В то время, как удачи этого художника казались всем величайшими чудесами, завистливая судьба лишила жизни Юлия И, который вскормил такое дарование, будучи ценителем всего наилучшего. Засим последовало избрание Льва X, пожелавшего продолжения этой работы. Отныне доблесть Рафаэля стала прославляться чуть ли не до небес, заслужив ему бесчисленные доказательства милости этого великого государя, в лице которого Рафаэль обрел человека, унаследовавшего от своей семьи великую склонность к большому искусству. Вот почему, твердо решив продолжать начатое, Рафаэль написал на третьей стене вторжение Аттилы в Рим и его встречу с папой Львом III, обратившим его вспять единым своим благословением. Рафаэль изобразил в этой истории св. Петра и св. Павла, летящих с мечами в руках и спешащих на защиту святой церкви. Правда, в истории Льва III об этом ничего не написано, тем не менее художнику, быть может, просто вздумалось изобразить это именно так.

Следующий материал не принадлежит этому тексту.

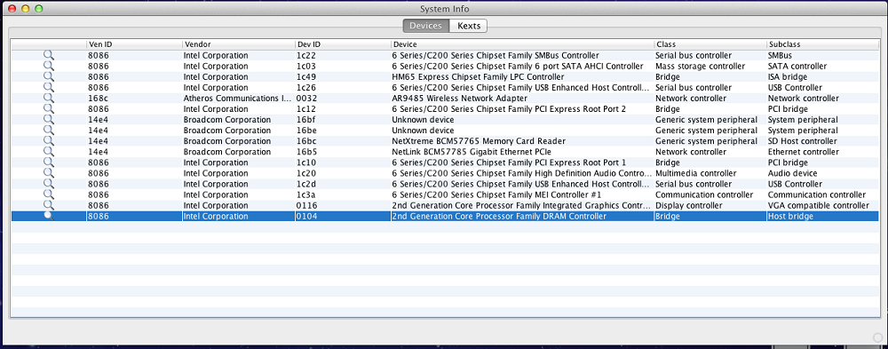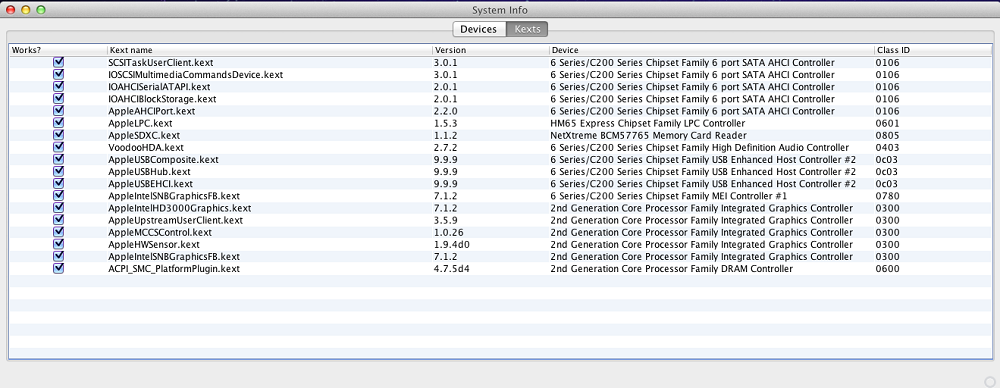 2. Bom dia a todos! Pessoal preciso de uma ajuda de vocês, estou tentando instalar o Hackintosh MAC os Lion 10.7.3 em um notebbok Acer 5750. Segue informações do meu hardware: Processador Intel® Core™ i5-2410M (2GHz, 3MB cache) 4GB DDR3 1333 SDRAM 500GB disco rígido Tela de 15" CineCrystal™ HD LCD (1366 x 768) - Intel® HD Graphics 30000 DVD±RW DL Webcam 1.3 Touchpad multitoque 802.11b/g/n WLAN (Ven ID 168c) Atheros Communications inc (Dev ID 0032) Device AR9845 Wireless Network Adapter Gigabit LAN HDMI® USB Leitor de cartões 4-in-1 Bateria de 6-células Coloquei dois anexos com as KEXTS reconhecidas pelo meu sistema e das informações do meu system Info Devices. Não consigo instalar as placas de rede de forma alguma. Nem a lan e nem a wifi. Som e bateria funcionando. Touchpad não funciona o track. Usb não funciona. Quando tento aplicar outro trackpad da kernel panic. Ja tentei outro Kexts que também dão kernel Panic. Desde ja agradeço toda e qualquer ajuda. Abraço a todos e Deus abençoem!

Ведь часто же случается, что живопись или поэзия, стремясь украсить свое произведение, уклоняются в сторону, однако не настолько, чтобы нарушить первоначальный замысел. В этих апостолах чувствуется непреклонный божественный гнев, который по воле Всевышнего нередко запечатлевается на ликах Его служителей, заступников истинной веры. Почувствовал это и Аттила на великолепнейшем вороном коне с белой звездочкой и белыми бабками, который в ужасе поднял голову и готов обратиться в бегство. Изображены там и другие красивейшие кони, в особенности пегий иноходец со всадником, обнаженное туловище которого покрыто как бы рыбьей чешуей, что заимствовано с колонны Траяна, где воины вооружены подобного рода доспехами, сделанными, как полагают, из крокодиловой кожи. А в глубине изображен объятый пламенем холм Монте Марио в знак того, что при отступлении солдаты, как правило, сжигали свои лагеря. Написал он в этой истории также портреты нескольких сопровождающих папу конных жезлоносцев, которые — совсем как живые; а кроме того, и свиту кардиналов и конюшенных, ведущих под уздцы иноходца, на котором в облачении первосвященника восседает Лев X, изображенный не менее живым, чем все остальные, в том числе и многие придворные. Все это, будучи вполне уместным в произведении такого рода, очень красиво на вид и крайне полезно для нашего искусства, в особенности же для тех, которые ничего подобного никогда не видели.